En esa elección queda una certeza, y es la constante afirmación por la dependencia a la presencialidad del otro, ante todo lo que nos salvará será una elección de algo, que puede tomarse como la decisión por el pacto de confidentes. El despojo, o la pérdida, en acto, es una forma de exclamar la fe en el recuerdo. La perspectiva de todo desalojo es el percibir que estamos un abismo más solos que antes. Desde ese darse cuenta Chimal prepara el impacto de la escritura de este libro. No son personajes solos, por lo tanto, no es un libro de la soledad, al contario se posiciona en otra mirada, en la de personajes despojados, vistos en el minuto preciso en el que descubren su abismal derrota. Y ahí en ese punto, no solo personajes, sino también personas perdiendo, preparándose para ser de a poco apenas imaginadas.

La ciudad es la materialidad en la que la pasión exagerada de sobrevivir se da. La ciudad y el otro, ese otro ajeno y desconocido, hostil y villano, pero del que se requiere, para que pueda mantenerse como espacio imaginado. Como espacio que persiste por su exclamación en el ruido: el lenguaje de la ciudad, el vació del sujeto incógnita que es presencia y también sombra.

Chimal deslumbra estas nuevas relaciones, sin caer en el discurso cosmopolita, al contrario, el posicionamiento de su perspectiva, no apunta al código de la selva convulsionada de cemento y apasionada de la individualidad existencial. Sino que recupera la sensación de sentirse acompañado, desde el compartir, que en algunos casos hasta esa forma se vuelve peligrosa. La energía de la confidencia que se anuda a un secreto que se gesta, o se mantiene, o se descubre es lo que sirve de recorte de la posibilidad de pensar lo fantástico. Ya que no se presenta la fantasía como algo posible y maravilloso, sino que más bien en la latente incomodidad de tener que pasar por la aceptación a la creencia árida de pensar que ese suceso es posible.
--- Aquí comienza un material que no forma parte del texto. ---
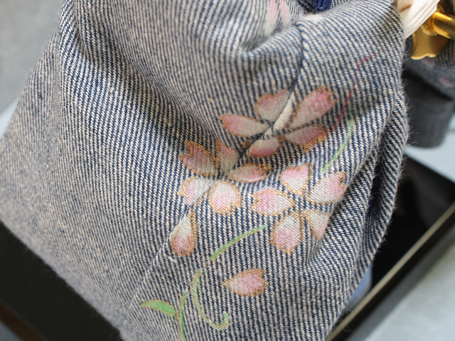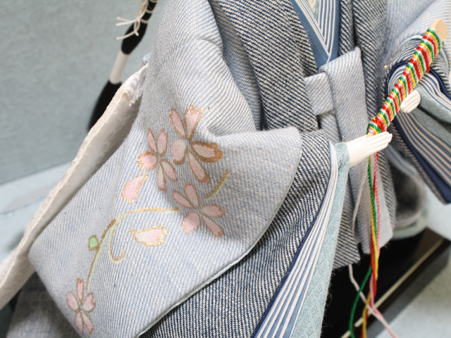 デニム生地に京都伝統手法である京友禅染めを施すという世界でも唯一無二の技術を使い好光オリジナルで作って頂いた生地になります。この生地を使い好光が雛人形を製造する事で、デニムの重厚感ある質感にお袖に見えます桜の染め物が美しい好光人形だけの親王飾りが誕生致しました。
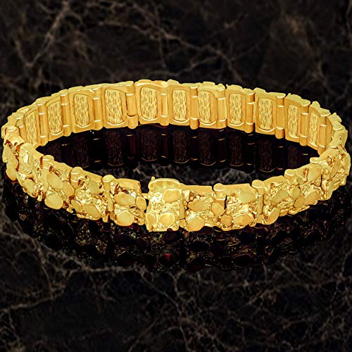 • These Luxurious 13mm ( ~1/2 inch ) Gold Nugget Bracelets are Made To Last with up to 20X more 24 karat real gold plating than standard electroplated fashion jewelry; Show off your Opulent taste with this Bold and Ornate Michoacan design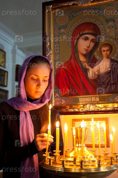 Девушка ставит свечку в православном храме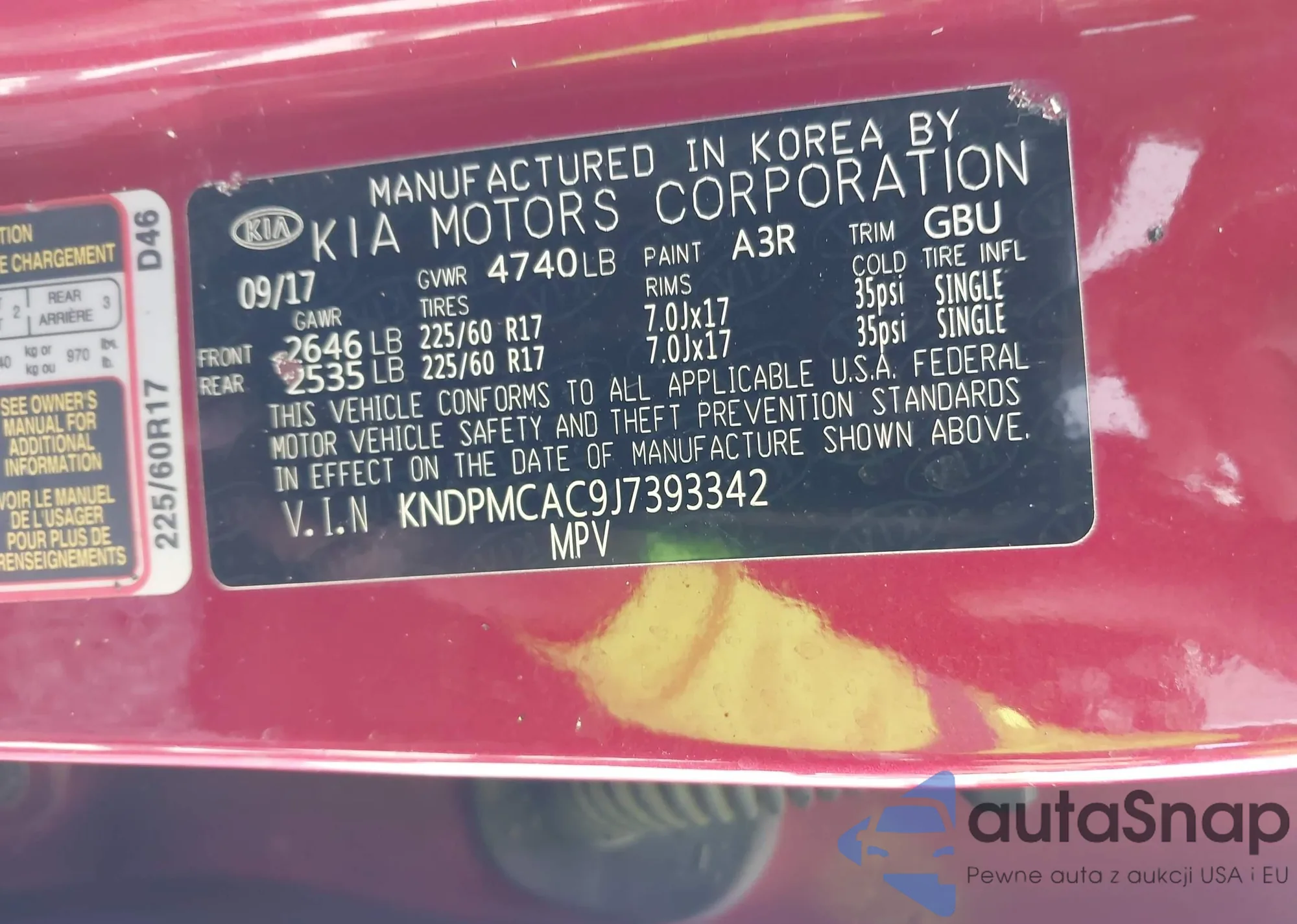 • VIN: KNDPMCAC9J7393342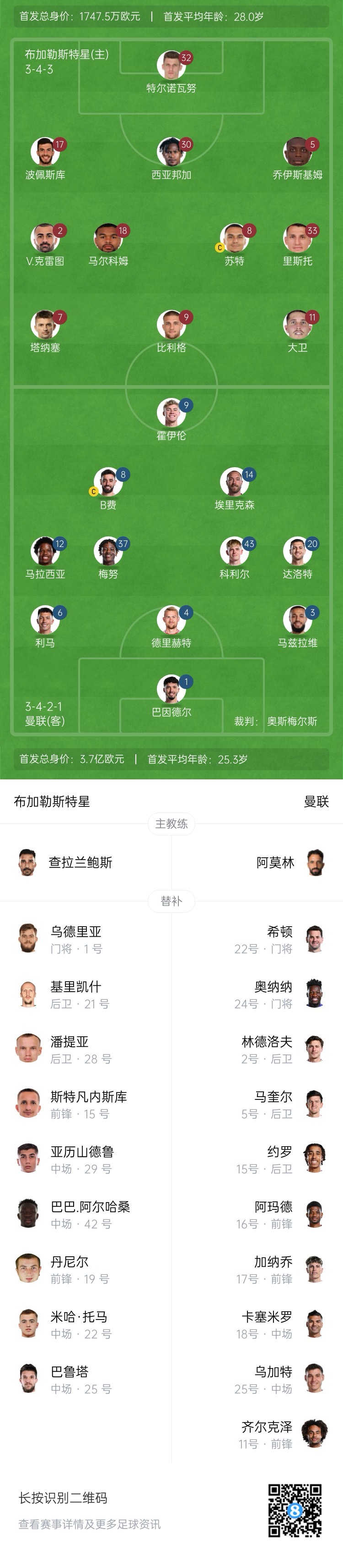 1月31日訊 歐聯(lián)杯聯(lián)賽階段第8輪,布加勒斯特星主場(chǎng)迎戰(zhàn)曼聯(lián)比賽即將打響。賽前首發(fā)出爐。

Por lo tanto, lo que es posible en los relatos no es lo fantástico en esa su forma de aparición pirotécnica, sino que más bien se configura en la tensión de cada cuento como una forma de secreto; sobre de algo que solo uno y no los otros pueden ver.

Cuando parece que Ciudad Imaginada se configura en una formula sobre el manejo narrativo en torno al enigma del secreto entendido como ese juego unidireccional de alguien que contiene el poder de tener un tipo de certeza, frente al que desposee ese conocimiento. Aparece el cuento “La balanza” que se presenta como un símbolo para medir el peso de la estructura imaginada de la propuesta del libro. Logrando cambiar lo que parece que va ser una fórmula narrativa, al descubrimiento de una nueva perspectiva. En ese cuento el lector junto al que espía y parece que va consumar un secreto para posicionarse en la lógica de lo anterior del libro, es descubierto, golpeado y amenazado, y bajo una nueva nomenclatura emprende la posesión de crear un nuevo secreto, como un fuego que se propaga por la chispa final de un cigarro, cuando el aliento del fumador ya ha sido extinguido, para dar paso a lo que será la aparición de un fuego mayor, de un aliento incalculable. El final de ese cuento deja al lector en ascuas, con la historia evaporándose, y en la experiencia de lectura sin desenvolver la última palabra, quedando solo el impacto del fuego sobre el resultado final de la nada.

Ciudad Imaginada es un libro que garantiza una experiencia fascinante al lector, que lo obliga a mirar su imaginada vida, pero despojándose de sus ideales referencias. En eso se va reafirmando la elección del habitar el mundo; el dolor antes que la nada. Algo imaginado antes que la pérdida de una historia.